Cina-Ue: anche il vino nella guerra dei dazi. Ma l’Italia vale l’8% del mercato di Pechino

Il vino italiano entra incolpevole in una guerra di dazi che rischia di frenare l’export verso la Cina, dove l’incidenza delle nostre bottiglie sul mercato di Pechino è passata da appena l’1 per cento di fine anni Novanta all’8 per cento attuale, con un volume d’affari in costante crescita che oggi sfiora gli 80 milioni di euro. Lo afferma la Cia-Confederazione italiana agricoltori, commentando la decisione del gigante asiatico di aprire un’indagine anti dumping nei confronti del vino importato dall’Ue, in risposta alla decisione comunitaria di imporre dazi ai pannelli solari cinesi dal 6 giugno. Nell’ultimo anno le esportazioni di vino “made in Italy” in Cina sono aumentate del 15 per cento -ricorda la Cia- e anche nel primo bimestre del 2013 la spesa per le nostre bottiglie è cresciuta del 41,5 per cento per 32.596 ettolitri venduti oltre la Grande Muraglia solo tra gennaio e febbraio.

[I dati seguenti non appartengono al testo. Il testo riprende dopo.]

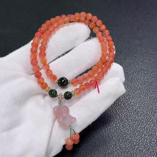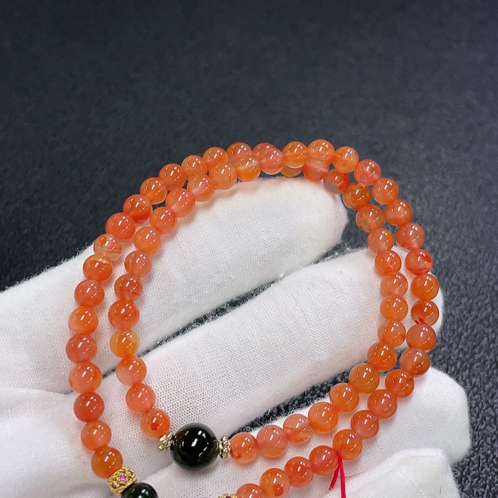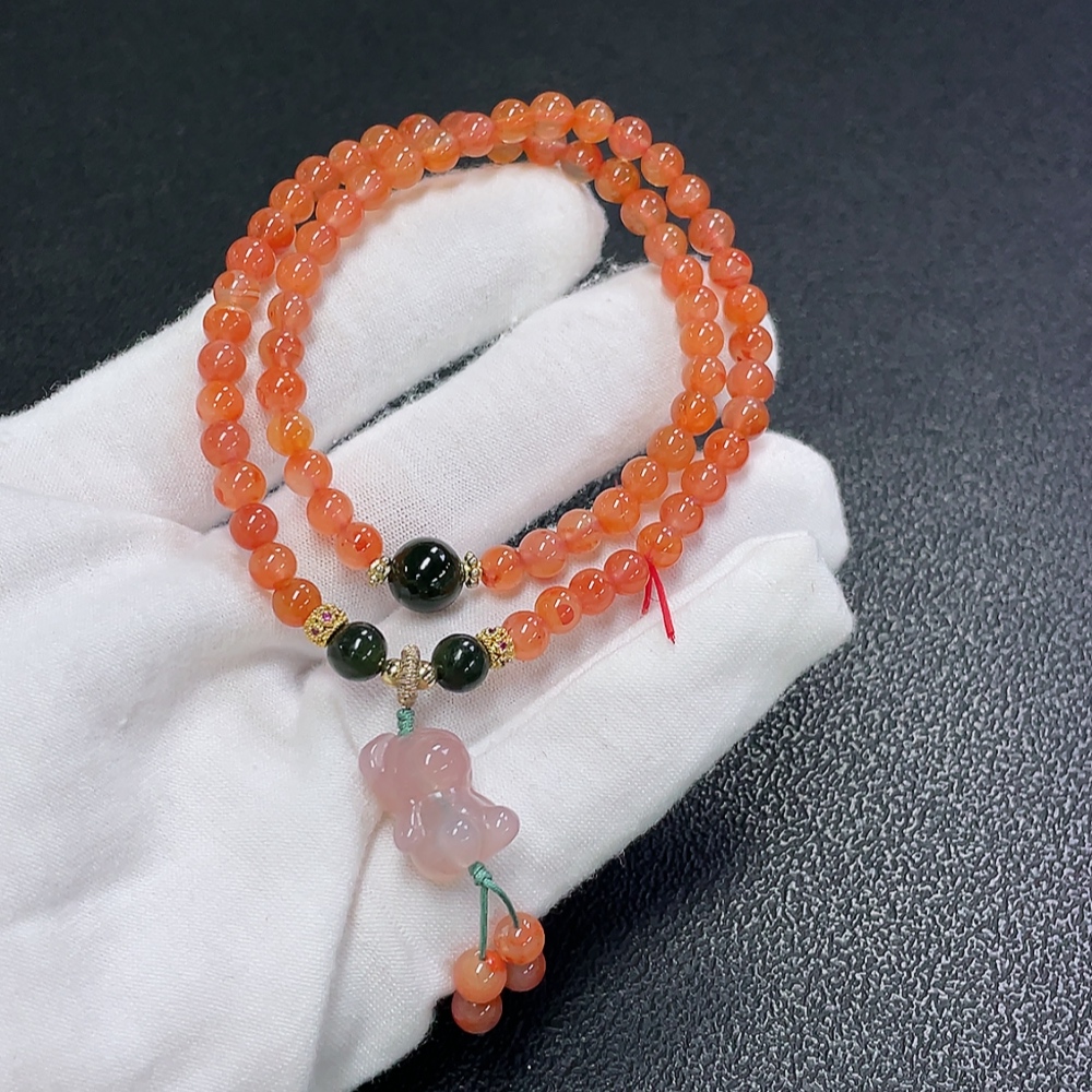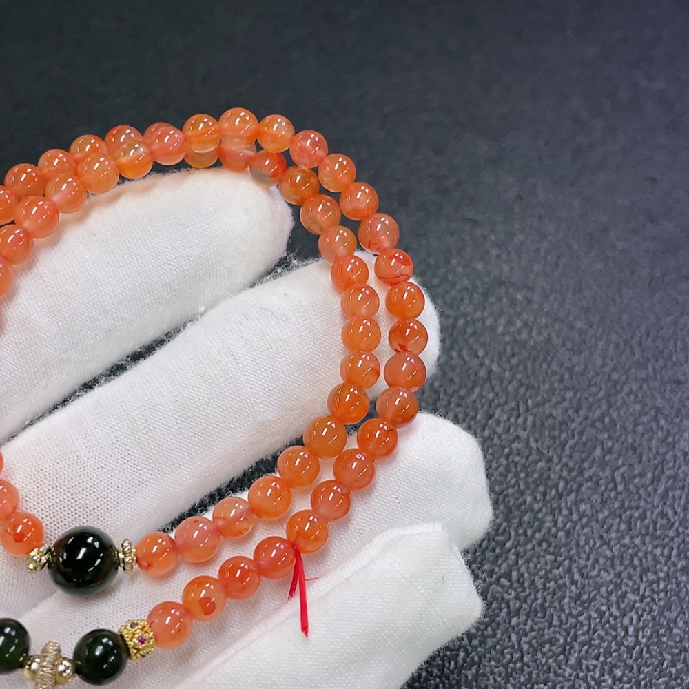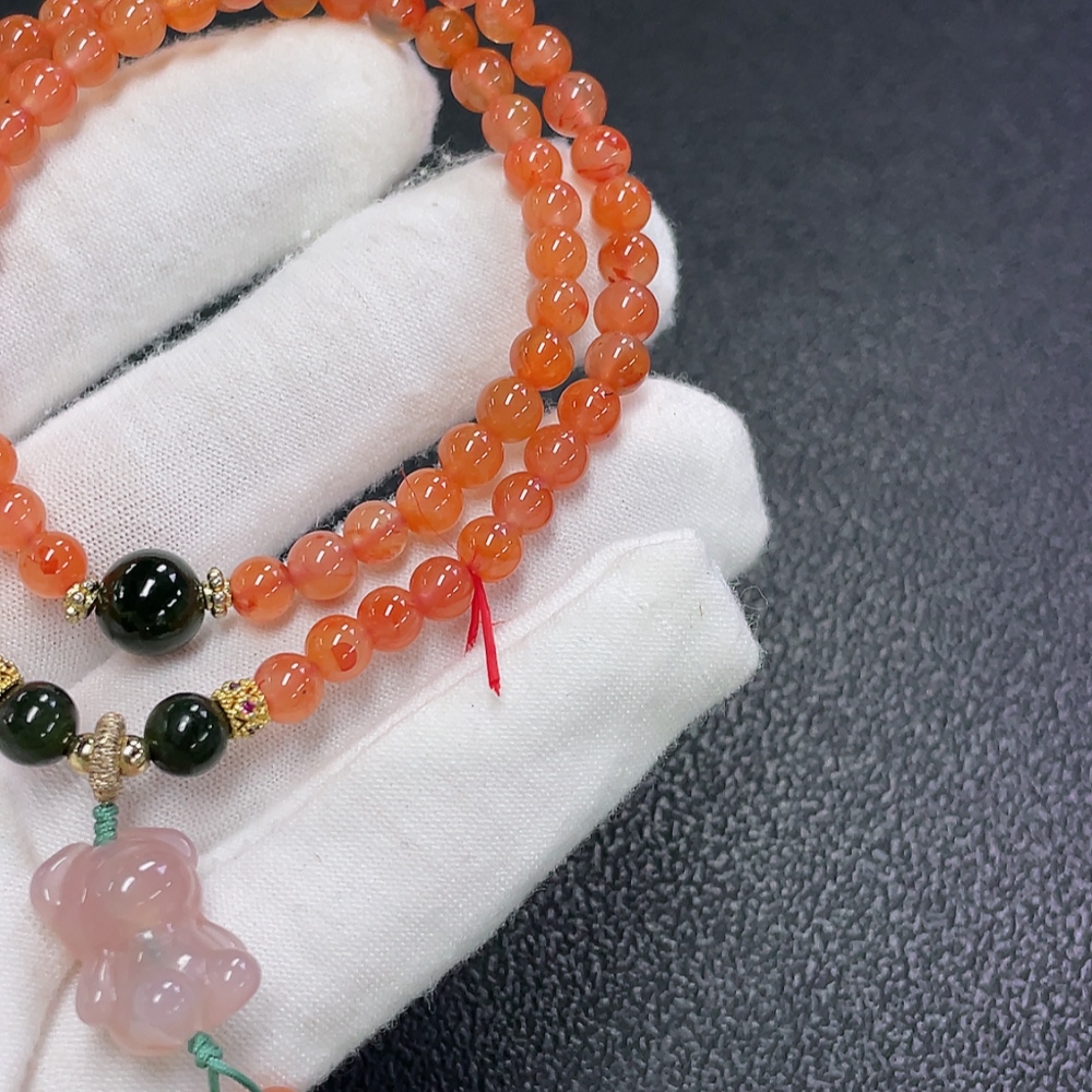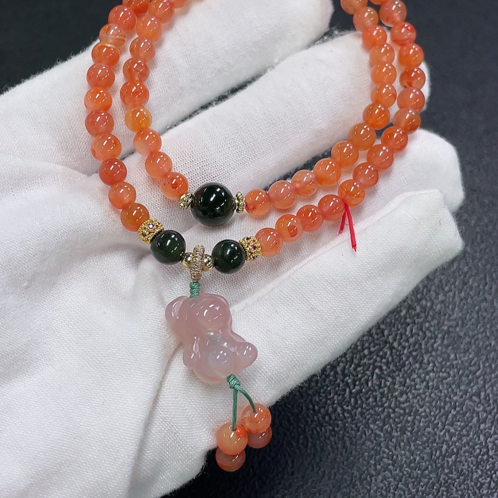 South Red Agate Bead Necklace with Visible Organic Matter, Paired with Hetian Jade and Possible Non-Natural Gemstones, Total Weight Approximately 18.09g, Bead Size Around 5mm
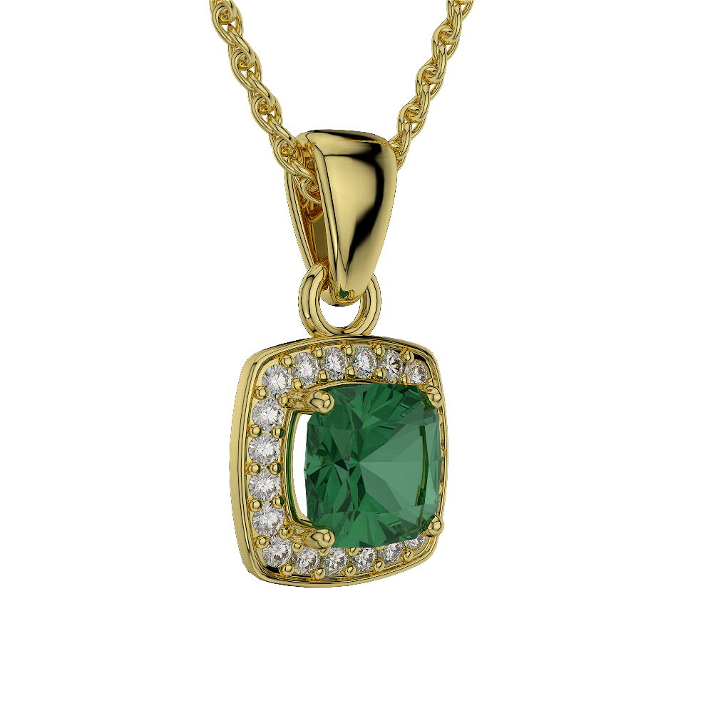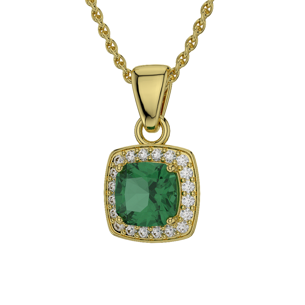 Cushion Shape Emerald and Diamond Necklaces in Gold / Platinum AGDNC-1061
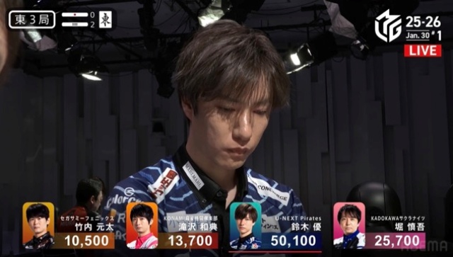1戦前は南3局でトップ目のポジションから瀬戸熊直樹への痛恨の放銃により4着へ真っ逆さま。
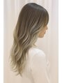 赤みを抑えたくすみグレージュをベースに、柔らかく自然に繋がるバレイヤージュデザイン。根元は地毛風の暗髪を残しつつ、毛先に向かって明るくなるグラデーションが透明感と軽さを演出。
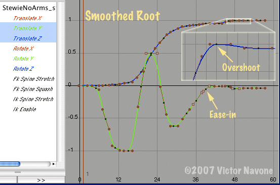 Smoothing the Root: Looking at the translation splines for the hips there are some obvious places that need smoothing, such as the big Y Translation arc of the jump. I can also add more eases and push the existing eases a little further. Near the end of the animation where he stands up I neglected to add an ease-in breakdown. Not to worry; I can add this ease directly in the spline editor. In the animation below notice how much the arcs and spacing in the hips have improved. I also added a slight overshoot to the Translate Z spline on frame 48 to make the hips overshoot forward when he looks back. Roll-over the image below to see "before" and "after".
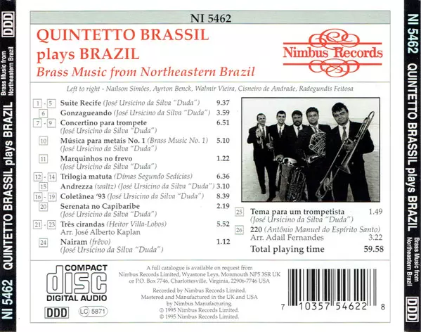 | Artista | Heitor Villa-Lobos | Quinteto Brassil | José Ursicino Da Silva | Antônio Manuel do Espírito Santo |
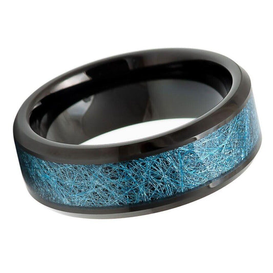 Blue Silk Thread Inlay Black IP Tungsten Ring - 8mm | Love Tungsten
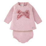 Questo completo elegante in caldo cotone è perfetto per rendere la tua neonata ancora più speciale in ogni occasione. Include una culotte e un maglioncino con fiocco in velluto per un tocco di classe. Ideale per un'occasione speciale o per un outfit quotidiano.
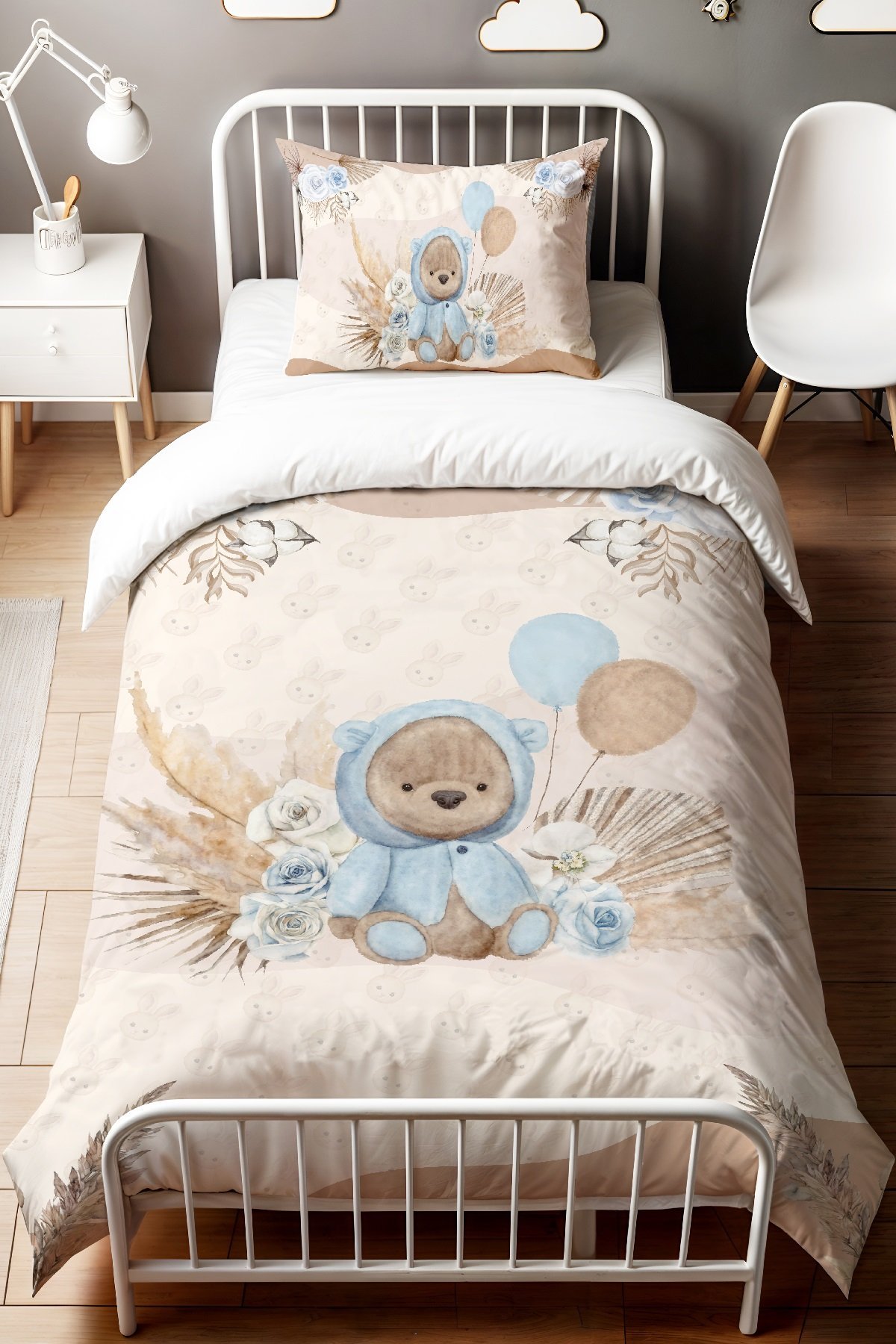Mavi Ayıcık Desenli Tek Kişilik Bebek Çocuk Nevresim Seti

Pericolo export – E’ chiaro, quindi, che la volontà di Pechino di mettere dazi sul vino andrebbe a incidere pesantemente su uno dei driver di crescita del “made in Italy”, visto che le nostre etichette rappresentano il 20% di tutto l’export agroalimentare con un fatturato oltreconfine di 4,8 miliardi di euro -sottolinea la Cia- e va a compensare il calo netto dei consumi interni, con un bicchiere in meno ogni quattro sulle tavole degli italiani. Ma si tratta di una decisione che avrà grosse ripercussioni in tutta Europa -aggiunge la Cia- visto che solo nel 2012 la Cina ha importato circa 4 milioni di ettolitri di vino, due terzi dei quali proprio provenienti dai Paesi comunitari. E, più in generale, in soli sette anni l’import cinese di “rossi” e “bianchi” si è quasi decuplicato, passando dai 500 mila ettolitri del 2006 ai 4 milioni attuali e balzando dal ventesimo al 5° posto nella classifica dei maggiori Paesi bevitori.